Assessment of trade agreements

3.30      The need for comprehensive assessment and evaluation of FTAs was of high importance to many of the contributors to this inquiry. Several witnesses and submissions advocated for independent economic modelling to be conducted early in the process as well as broader evaluation of FTAs during the implementation stage.

Economic modelling on the TPP-11

3.31      The modelling included in the NIA pointed to updated modelling by the Peterson Institute for International Economics (PIIE) which found that TPP-11 would increase Australia's income by 0.5 per cent by 2030 (compared to 0.6 per cent under the original TPP).[33] The NIA also highlighted modelling by the Canada West Foundation which found that Australia's exports to other TPP-11 parties would grow by 0.12 per cent, compared with a reduction of 0.14 per cent in Australian exports to other TPP parties under the TPP.[34]

3.32      The NIA concluded:

The economic benefits to Australia can be expected to increase in the event that other significant economies join the TPP-11. The PIIE's modelling showed that in a TPP-16 scenario (TPP-11 plus Indonesia, the Republic of Korea, Philippines, Taiwan and Thailand), Australia's income would increase by 0.7 per cent by 2030. Some of these economies, such as Indonesia, the Republic of Korea and the Philippines, have publicly shown interest in the TPP in the past.[35]

3.33      In its submission, the Australian Manufacturing Workers' Union (AMWU) referred to research undertaken by Tufts University which shows that 'Australia is likely to lose some 39,000 jobs in the energy products, primary commodities, manufacturing and services industries'.[36] The AMWU also pointed to World Bank modelling of the former TPP-12 which showed that 'it will increase Australia's GDP by just 0.7% by 2030 – less than one tenth of 1 per cent each year over the next 15 years'.[37] The AMWU also noted that the PIIE 'forecast a total boost to Australia's GDP of a mere 0.5% over the next decade to 2025-26'.[38] The AMWU concluded that the 'low growth rates for TPP-11 are likely to be similar to the TPP-12 modelling and potentially less'.[39]

3.34      Other submissions also provided detail about other economic modelling that has been conducted on the TPP-11. The Minerals Council of Australia submitted:

Several modelling studies have estimated the economic benefits which the TPP-11 and/or the original TPP (including the United States) would deliver for Australia and other countries. The most detailed modelling has been carried out by Professor Peter Petri of Brandeis University and Michael Plummer of Johns Hopkins University. Their most recent study finds that by 2030 the TPP-11 will boost Australia's:

A review of 10 modelling studies shows the average finding for Australia is an increase of 0.54 per cent in real GDP, in line with Petri and Plummer's most recent study. A Tufts University modelling study finding job losses under TPP suffers from serious methodological flaws, has been widely criticised by economists and uses inaccurate data and unrealistic assumptions for Australia. Its results lack credibility and contradict Australia’s real-world experience.[40]

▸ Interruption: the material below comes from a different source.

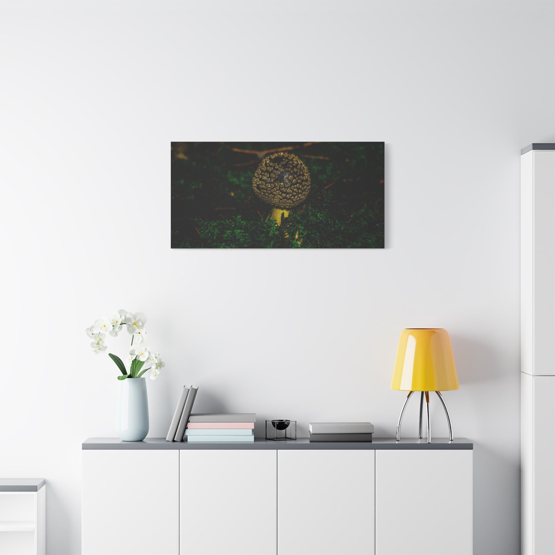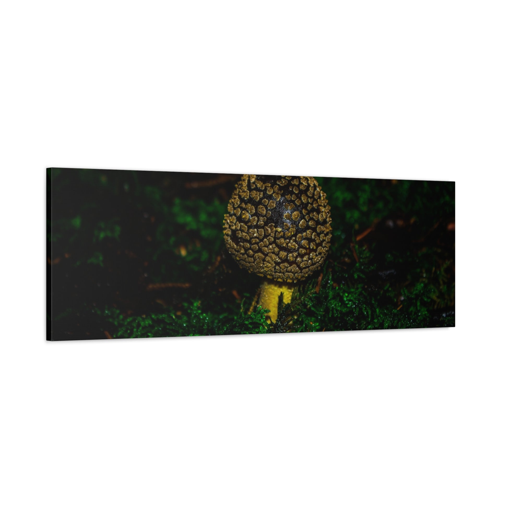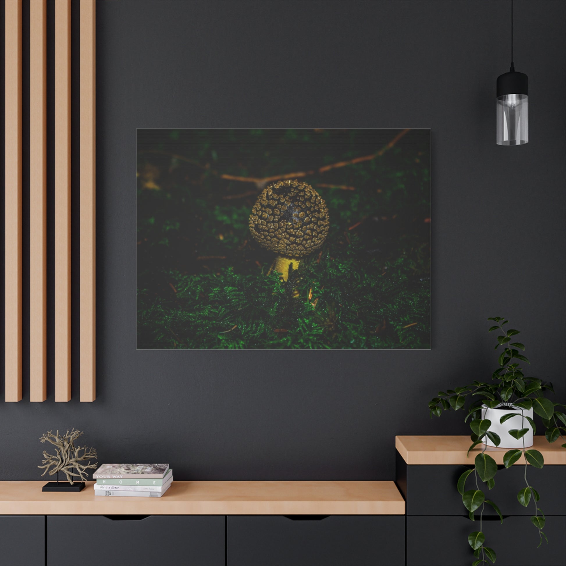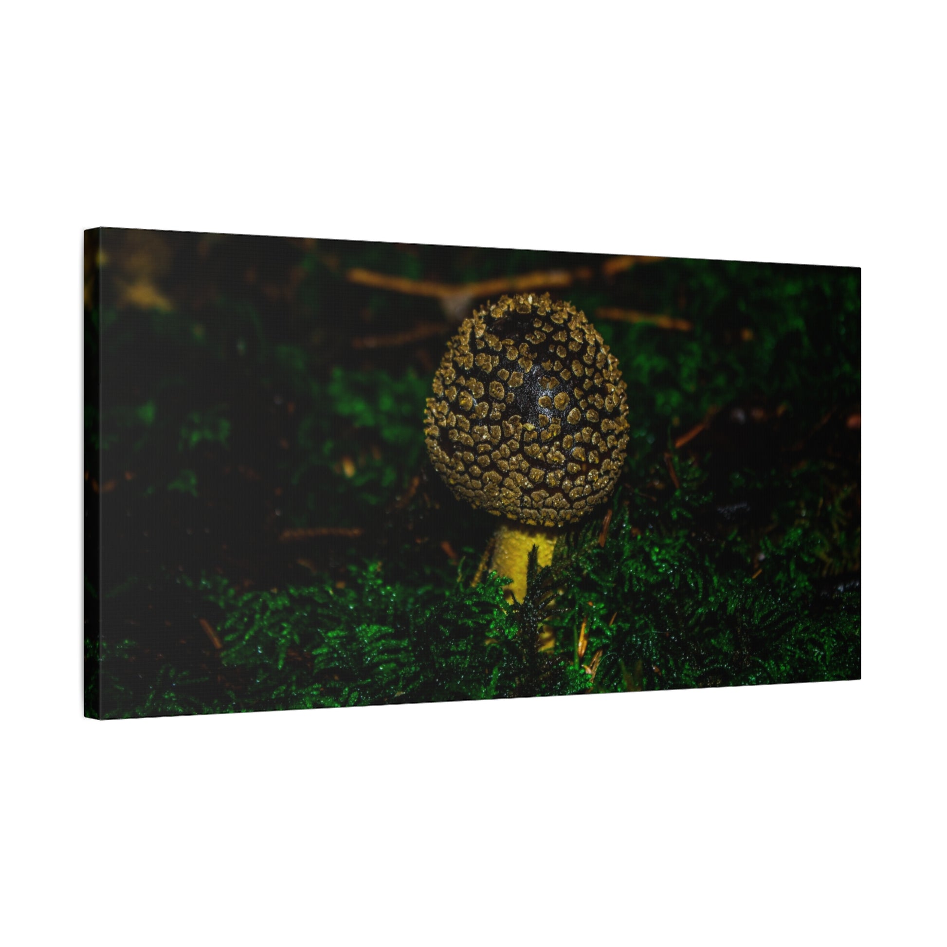 The Micro Mushroom canvas print exudes a whimsical and playful vibe, perfect for adding a touch of charm to any room. This sustainable product is relevant for nature lovers and those who appreciate unique artwork. Ideal for gifting on birthdays, housewarmings, or as a special treat for oneself.

3.35      The Victorian Government provided a submission to the JSCOT inquiry which contained a report they had commissioned to 'provide detailed analysis of the commercial opportunities that TPP-11 will provide'.[41] The executive summary included the following summary of the Agreement:

The TPP-11 offers some modest gains for exports of Australian goods in the immediate term, with greater gains likely as implementation proceeds. However, some gains are likely be negated to some extent by heightened competition in the TPP-11 area, with a number of member countries undertaking an FTA with each other for the first time.

In the longer term, as the various aspects of economic integration bear fruit (mutual recognition of professional qualifications, technical standards conformity, streamlined processes supporting cross-border trade and so on), further and wider reaching benefits are likely to be realised.[42]

3.36      In a response to a question taken on notice at a JSCOT hearing, DFAT advised that multiple economic studies have found that 'the TPP would have positive economic benefits for all TPP Parties'. It was also noted by DFAT that an often quoted study undertaken by Tufts University did not use the mainstream GTAP [Global Trade Analysis Project] model to examine the effects of trade liberalisation arising from the TPP and 'is an outlier in finding negative impacts from the TPP'.[43]

3.37      At the hearing on 30 July 2018, Mr Mina pointed out that 'this agreement has been extensively evaluated, through economic evaluation'.[44] Mr Mina went on to note:

There has been no shortage—happily—of such interest by the economic modelling community globally. So we have a good sense of the economic impacts. Of course, with trade reform and the consistent messages and lessons from the economics discipline about the allocative and other efficiency gains that arise from trade reform, successive Australian governments have a view—and this government certainly has a view—about the economic benefits of trade reform.[45]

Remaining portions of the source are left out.